Wait, I'm not sure I understand. Why would the poly-blend not face the same wear issues?

@jerrybrowne actually just kindly emailed me some photos of Caccioppoli's navy seersuckers. Those are a 99/ 1 cotton-poly blend.
Yea, I don't get it. There's a long history of machine washable jackets, but I've never understood why that wouldn't mess up the canvassing, haircloth, padding, felt, etc inside. Wouldn't those things shrink at different rates?

It's a nice idea in concept, but I can't imagine throwing a (structured) tailored jacket in the wash.


I think polyester resists fading better than cotton.  Am I wrong?  I had some old poly/blend shirts from places like Gant, Hathaway, etc. that lasted a long time and didn't fade much.  I have 20-something yr old 100% poly workout clothes that have been washed a lot and faded little.  I probably have more experience w/ polyester than others here :embar:.

 

Deconstructed is the way to go imo for coolness, but if someone wanted something w/ more structure, I'd imagine you could preshrink everything (canvas, lining, etc.) before making up the garment.

 

 

If you guys didn't see the Wash Post article I linked to above, I highly recommend it.  Some more interesting stuff from the Robb Report here:

Quote:

 

Seersucker: Pucker Up

Cool, comfortable, easy to care for, and genuinely classic, seersucker epitomizes what warm-weather clothing should be.
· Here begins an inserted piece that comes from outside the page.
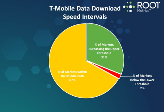 In order for a carrier to qualify as above the “upper threshold” in each market, the carrier had to deliver download speeds above 3Mbps in at least 70% of the tests for a given market. At that speed, it would take 10 minutes or less to download a 30-minute television show in standard definition and 10 seconds or less to download a music file. The “lower threshold” shows a carriers download speeds of at least 1.5% in at least 60% of the tests in a given market. The “middle path” indicates the percentage of markets in which a carrier neither exceeded the upper threshold nor fell below the lower threshold.

With so many redeeming qualities, it is difficult to understand how the fabric has struggled for survival.

 

From the Hindi word sirsaker, which is literally translated as milk and sugar, seersucker first became popular when it was used for silk pajamas and nightshirts worn by the British Raj in India. The fabric’s crinkly texture results from the various slackening processes that the threads undergo during weaving. Indian weavers referred to these cloths as homespun, and much pride went into the handwork.

The cotton seersucker suit as we know it first surfaced in New Orleans at the turn of the 19th century and quickly became the suit of choice for wealthy Southern plantation owners. Unopposed to the wrinkles, these gentlemen were no doubt attracted to the fabric’s light weight, as well as the meager $10 price tag for a complete suit.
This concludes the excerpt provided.